Tras muchas dificultades debidas a su carácter deliberadamente
híbrido, Schwindel. Gefühle ( Vértigo ) halló un editor alemán, muy menor, en
1990. Sebald ha creado un género del que es único practicante: se trata de un
sutil entrelazamiento de autobiografía, crónica y ensayo que deriva
constantemente a lo que podría ser ficción sin que se aclare el status de la
narración ni el de las ilustraciones que, como borrosos recortes pegados en un
álbum familiar, tal vez la "documentan".
Los emigrantes y Los anillos de Saturno cimentaron la reputación de Sebald. En
años recientes, cantidad de premios literarios alemanes, vinculados todos ellos
a la tradición germana de la ilustración y de la disidencia, coronaron esa obra:
el de la ciudad de Berlín, los dedicados a la memoria de Heinrich Böll, de Joseph
Breitbach y, el más significativo, a la de Heinrich Heine. Un infarto lo
sorprendió hace dos semanas al volante de su automóvil, cerca de su hogar de
Norwich.
En el espléndidamente analítico idioma alemán, el duelo se llama Trauerarbeit ,
literalmente "trabajo de dolor, de luto". No se me ocurre mejor definición del
arte narrativo de W. G. Sebald, entendido como un minucioso, en apariencia
errático, sutilmente digresivo luto por la fugacidad de todas las cosas.

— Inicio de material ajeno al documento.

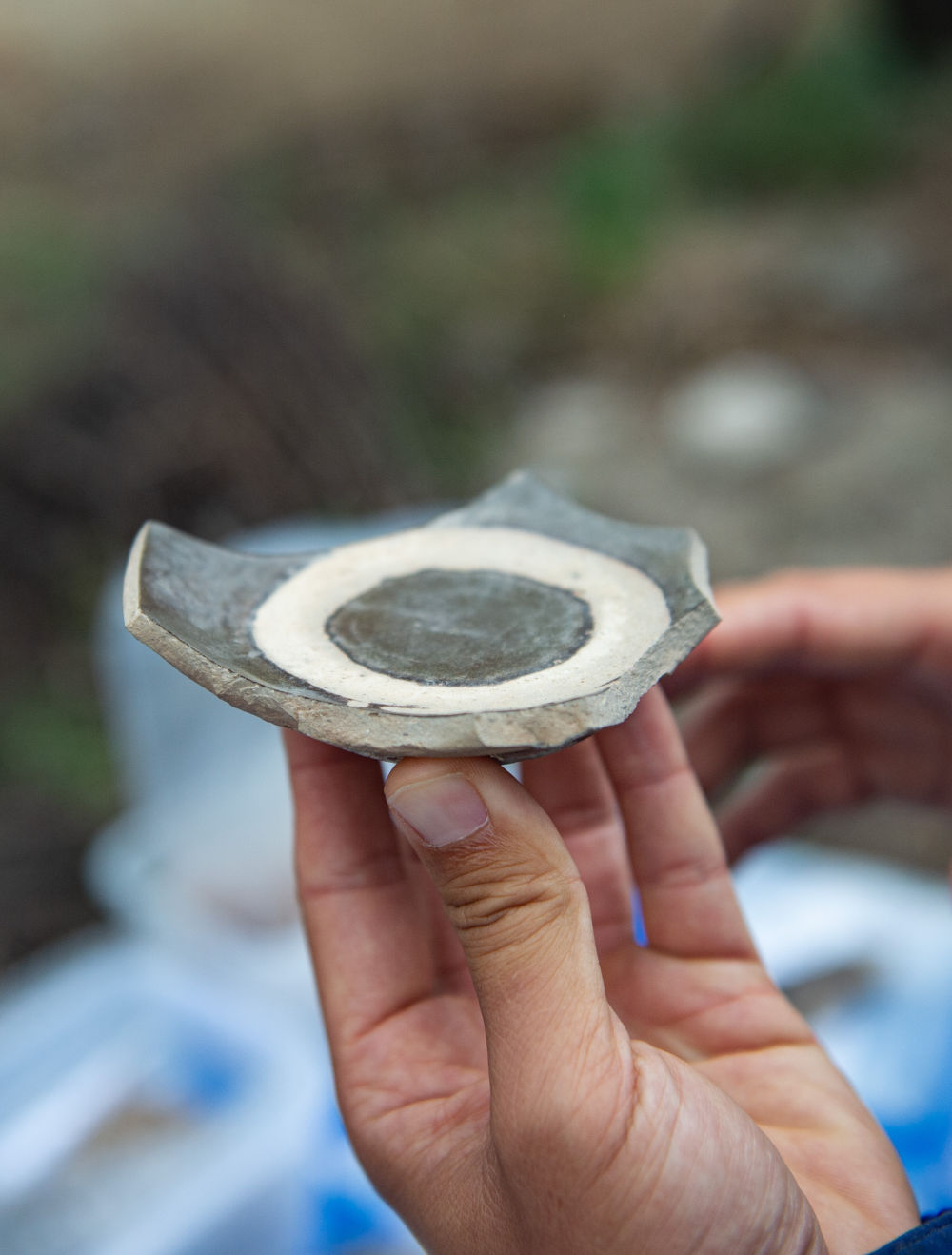 项目负责人、北京市考古研究院副研究员尚珩接过瓷片端详,“看弧度应该是瓷碗的碎片,是明朝官兵在这里驻扎时使用的。”尚珩判断,“而且这个碗还被修补过,有打锔子的痕迹,说明当时士兵们的生活比较清苦,即使碗破了,修补后还要接着使用。”

Un pathos particular impregna esta tarea, más intenso cuanto mayores son las
ambiciones con que individuos y gobiernos procuran derrotar esa fugacidad:
ruinas de palacios, escombros de fortalezas, paisajes corrompidos por utopías
industriales o mercantiles vuelven una y otra vez en los libros de Sebald como un
eco amplificado de tantas lápidas borroneadas en cementerios invadidos por la
maleza.
Austerlitz ha sido promovido por sus editores como "el más parecido a una
novela". Si recordamos que antes de la forma exigente elaborada por Flaubert y
James hubo espléndidas ficciones ajenas a ese canon, ya sean las de Cervantes,
Rabelais o Sterne, podemos leer como un elogio el desprecio de Valéry por el
género: "Tous les écarts lui appartiennent" ("Son suyos todos los desvíos"). El
lector de Sebald, en todo caso, busca en cada nuevo libro suyo ese inapresable
deslizamiento entre ficción y reflexión, entre lo narrativo y lo ensayístico en que
reconoce la voz propia del autor, como en el ambiguo status de las ilustraciones
intercaladas en el texto. Desteñidas fotos de familia, recortes de diarios, un
boleto de tren, que Sebald también ha convertido en marca de identidad, son
trampolines hacia lo imaginario antes que anclas en alguna "verídica" realidad,
como toda imagen que ha sobrevivido a su época y descubrimos desplazada de su
contexto original.
Ocurre que en Austerlitz aparece más visible la ordenación, el sistema de
digresiones constantes con que avanza el narrador-caminante, incorporando a su
relato encuentros fortuitos, descripciones, asociaciones libres entre paisajes,
lecturas y narraciones ¿secundarias? Más bien, ramificaciones incesantes cuyo
tronco el lector olvida hasta que una abrupta transición lo devuelve al sendero
que parecía perdido. La trama casi invisible de Los anillos de Saturno asocia
catástrofes públicas y desdichas privadas para iluminar esas "líneas de
sufrimiento" que el personaje Austerlitz reconoce a través de la Historia como su
único sentido. En Austerlitz hay una serie de encuentros, en distintas ciudades
europeas y por azares francamente improbables, entre el narrador-caminante y
un mismo personaje, de cuyas digresiones se convierte en testigo y transcriptor.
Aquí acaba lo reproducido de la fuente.